▶ **Exercise aim**
Output each entry verbatim and exclude every picture from it.

···

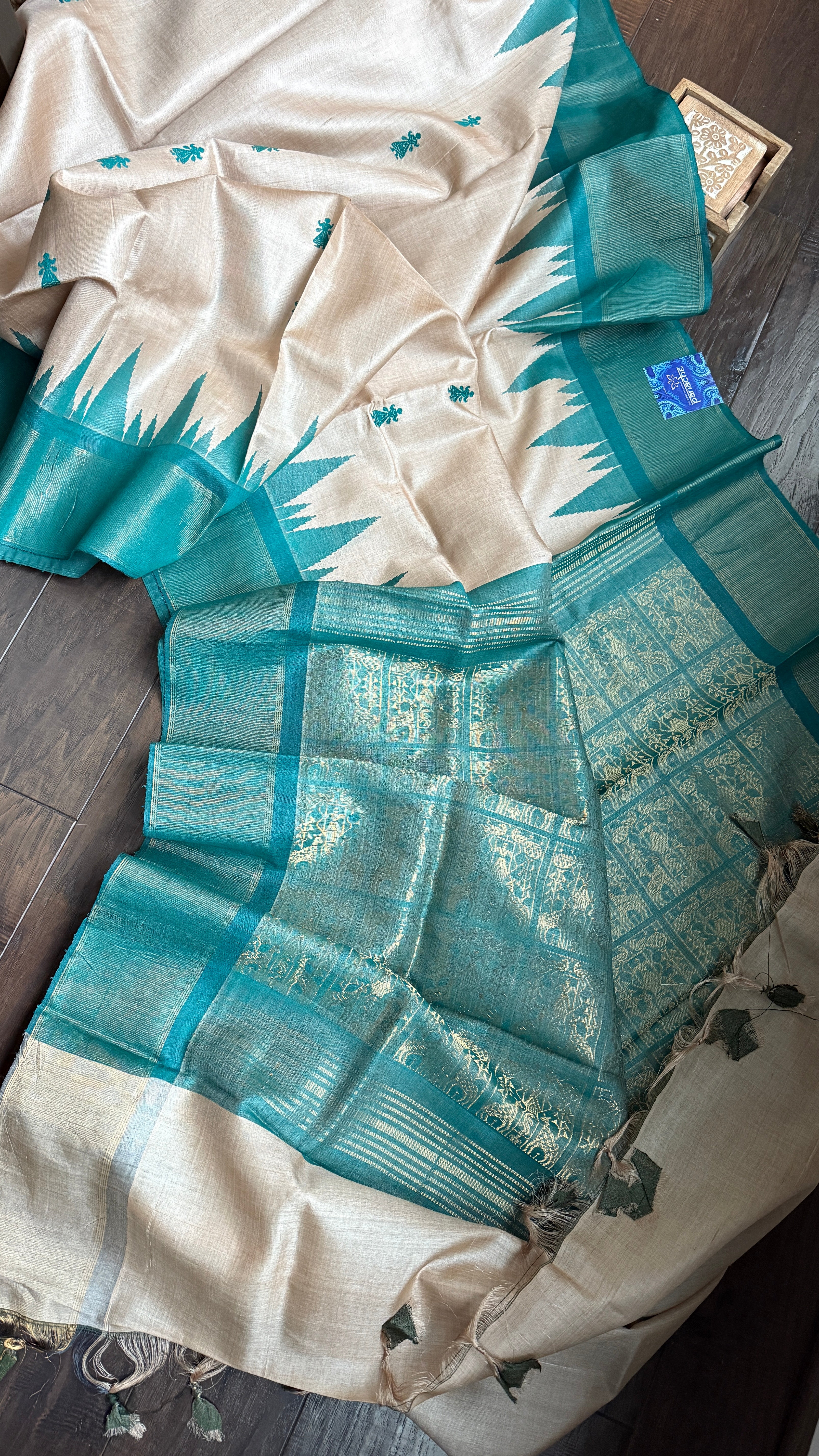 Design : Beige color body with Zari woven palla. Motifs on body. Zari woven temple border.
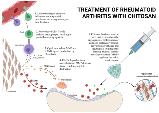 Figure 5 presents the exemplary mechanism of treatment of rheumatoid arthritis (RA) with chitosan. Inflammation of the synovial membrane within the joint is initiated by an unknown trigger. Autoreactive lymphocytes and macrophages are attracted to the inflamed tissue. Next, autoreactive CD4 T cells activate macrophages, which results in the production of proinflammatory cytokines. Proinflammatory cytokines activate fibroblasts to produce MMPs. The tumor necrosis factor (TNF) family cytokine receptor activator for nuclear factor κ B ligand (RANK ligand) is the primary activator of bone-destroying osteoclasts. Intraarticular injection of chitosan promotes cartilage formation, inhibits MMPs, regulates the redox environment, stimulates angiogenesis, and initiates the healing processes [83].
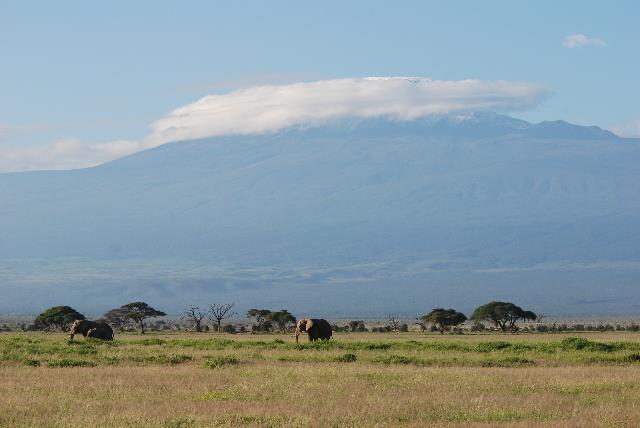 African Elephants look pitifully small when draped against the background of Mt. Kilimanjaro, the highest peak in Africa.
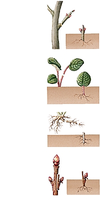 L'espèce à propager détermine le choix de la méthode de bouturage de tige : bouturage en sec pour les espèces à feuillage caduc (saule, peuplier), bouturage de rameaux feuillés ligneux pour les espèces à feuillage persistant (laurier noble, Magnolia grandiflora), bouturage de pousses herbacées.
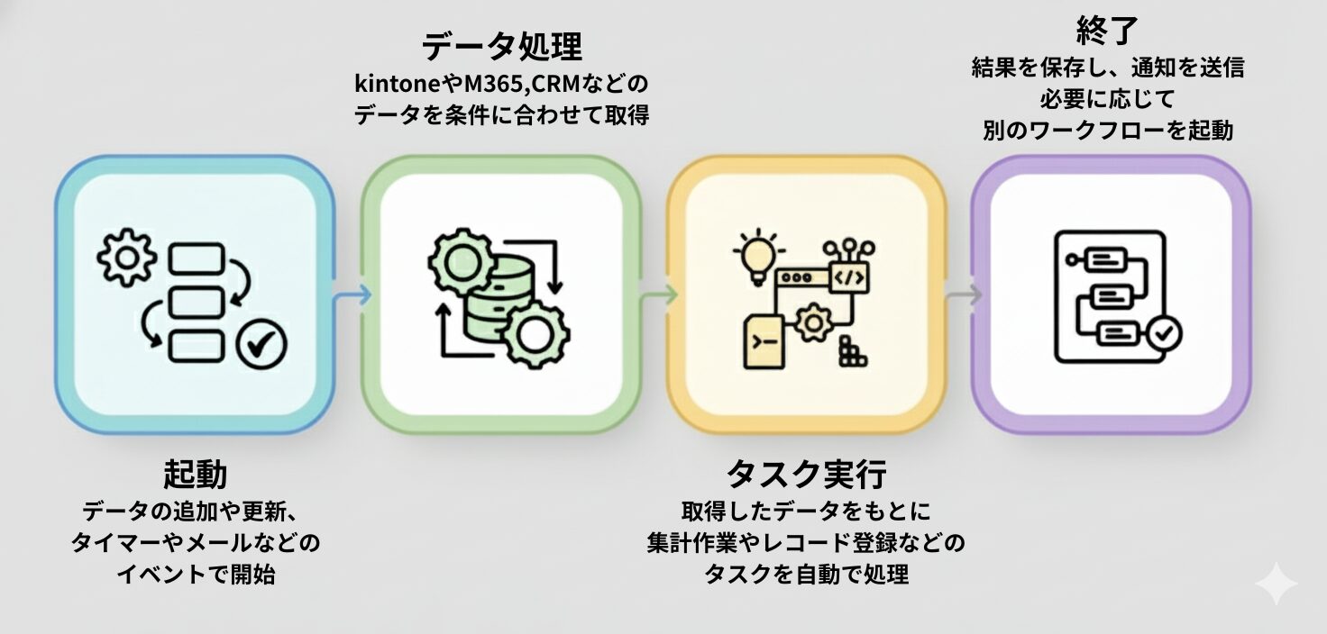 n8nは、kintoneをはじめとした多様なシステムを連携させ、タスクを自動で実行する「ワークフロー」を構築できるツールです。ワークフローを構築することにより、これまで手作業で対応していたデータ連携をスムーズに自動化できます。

···

▶ **Answer to the exercise**
 Design : Beige color body with Zari woven palla. Motifs on body. Zari woven temple border.
 Figure 5 presents the exemplary mechanism of treatment of rheumatoid arthritis (RA) with chitosan. Inflammation of the synovial membrane within the joint is initiated by an unknown trigger. Autoreactive lymphocytes and macrophages are attracted to the inflamed tissue. Next, autoreactive CD4 T cells activate macrophages, which results in the production of proinflammatory cytokines. Proinflammatory cytokines activate fibroblasts to produce MMPs. The tumor necrosis factor (TNF) family cytokine receptor activator for nuclear factor κ B ligand (RANK ligand) is the primary activator of bone-destroying osteoclasts. Intraarticular injection of chitosan promotes cartilage formation, inhibits MMPs, regulates the redox environment, stimulates angiogenesis, and initiates the healing processes [83].
 African Elephants look pitifully small when draped against the background of Mt. Kilimanjaro, the highest peak in Africa.
 L'espèce à propager détermine le choix de la méthode de bouturage de tige : bouturage en sec pour les espèces à feuillage caduc (saule, peuplier), bouturage de rameaux feuillés ligneux pour les espèces à feuillage persistant (laurier noble, Magnolia grandiflora), bouturage de pousses herbacées.
 n8nは、kintoneをはじめとした多様なシステムを連携させ、タスクを自動で実行する「ワークフロー」を構築できるツールです。ワークフローを構築することにより、これまで手作業で対応していたデータ連携をスムーズに自動化できます。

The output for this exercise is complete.